SiyuanChen edited this page Apr 22, 2019 · 22 revisions

# Developer's Notes

Client First Meeting January 29th 2019: Meeting with Dr. Brian Cooper, project partner at Lexmark, with Nolan Chancellor, Tim Watson, and Michael Dingess

We contacted with Brian Cooper (the client) and made an appointment with him to talk about our incoming project. Finally, we setup a meeting time at Lexmark on January 29th at 2pm.

Tim picked me up after I finished my class and we drove to Lexmark. Nolan did not have class at that time so he decided to drive there by himself. Brain sent Tim a map to lead us to the correct building. After waiting a short time in a lobby, Brain came to see us and led us to a meeting rook where we met two other Lexmark employees there.
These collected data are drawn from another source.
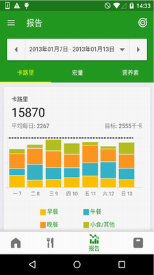 2、每天自动计算汇总卡路里数据,结合减肥计划,还可为饮食和健身提供数据参考。
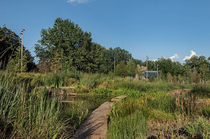 佩吉池塘蓄水量達(dá)到600萬加侖(約2300萬升)是公園的中央水庫,也是公園植物灌溉主要水源。為了建造這個池塘,MVVA硬是挖地70英尺(約22米)直至到達(dá)地下水位。公園北部的濕地是天然的植物過濾池可以清潔從池塘抽出的水。停車場內(nèi)設(shè)有快速滲透凈化設(shè)施,從停車場和公路流經(jīng)的水也先進(jìn)入濕地進(jìn)行初步過濾后通過兩個大水箱和地下自然過濾池過濾。
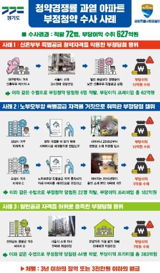 청약가점을 더 받기 위해 허위로 주민등록을 하거나, 요양원에 입소한 시어머니를 집에서 부양 중인 것처럼 위장하는 등 동탄2·광교신도시 일대 아파트 공급 자격을 허위로 충족해 당첨된 부정청약자 72명이 경기도 특사경에 대거 적발됐다. 웃돈(프리미엄)에 해당하는 부당이익은 총 627억 원에 달한다.
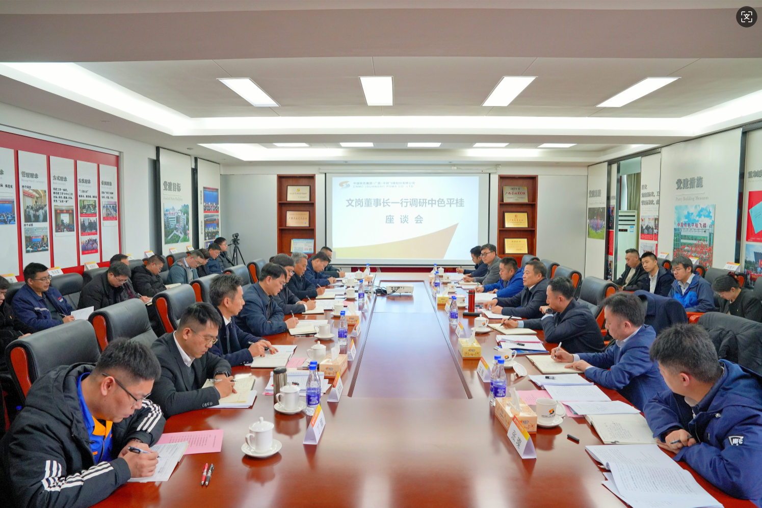 調(diào)研期間,文崗一行深入鎢業(yè)公司、桂華成公司生產(chǎn)現(xiàn)場,詳細(xì)了解了中色平桂改革發(fā)展歷程、生產(chǎn)經(jīng)營、科研及產(chǎn)業(yè)發(fā)展、安全環(huán)保等情況,并主持召開工作座談會。
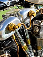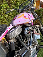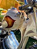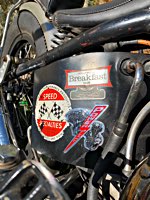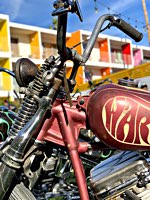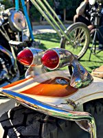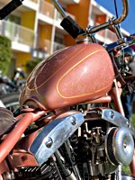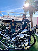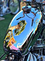 Road, joooaaaa, hat was mit Straße zu tun, aber den Kisten, die hier stehen, wird man kaum auf entlegenen Landstraßen in der Baja begegnen. Bei den Autos (welch profanes Wort für diese „Werke“) dürfte es ähnlich aussehen. Und Paradies? Aber ja, für den Harley-Fan ist hier auf jeden Fall das Vintage-Chopper-gnadenlos-krasses-Zeug-verbaut-Paradies. Das zeigt schon die Wolke von außergewöhnlichen Schraubern, die hier sind: Cycle Zombies, Powerplant, Expansive Trash, Vee Choppers, usw. Und auch sonst flattern hier viele Paradiesvögel rum, mit denen man aber bestens plaudern und Bier trinken kann. Also: Paradise Road Show: Note 1. Und zwar die 1 vom leicht angegimmelten und matt gewordenen original AMF Zündungs-Deckel einer 1971 Eisenkopf-Sportster. Im Starrrahmen. Mit Langgabel, Baby!
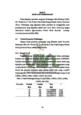 Perhitungan Sifat Elektronik LIBX3 (B = PB DAN SN; X = BR, CL Dan I) Fase Kubik Dengan Metode Density Functional Theory
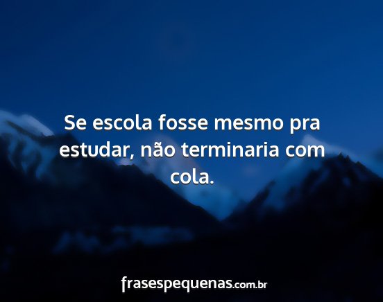 Se escola fosse mesmo pra estudar, não terminaria com cola.
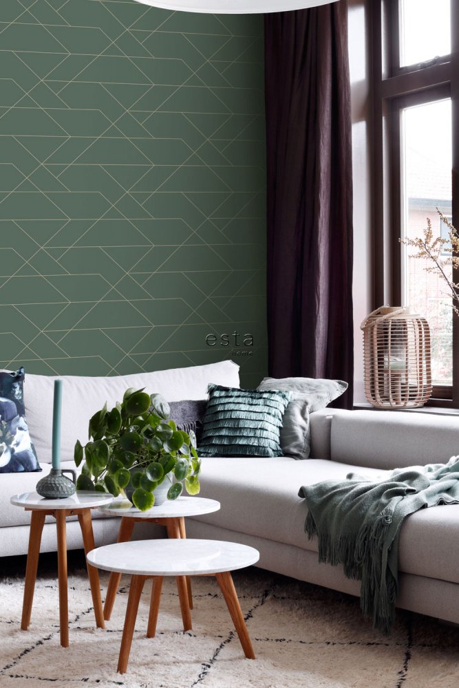 Vliestapete für die Wand grün mit goldenen Linien.

Brain introduced the project again and his colleagues also talked about this project and how they want to use this application. We had a Q&A part. We talked about whether any group took this project last semester. They told us there were two groups took this project. One of them just finished user interface section. The other one focused on machine learning aspect without GUI. Both of them did not make any great outputs. We asked if we could look at their codes somewhere so that we may absorb some good ideas from theirs and we may finish this project based on their process. Brain told us they uploaded their codes on Github and he could find the links and send to us. Since two groups did not finish this project at all, Brain said we could use any open sourced codes online to help us finish this project.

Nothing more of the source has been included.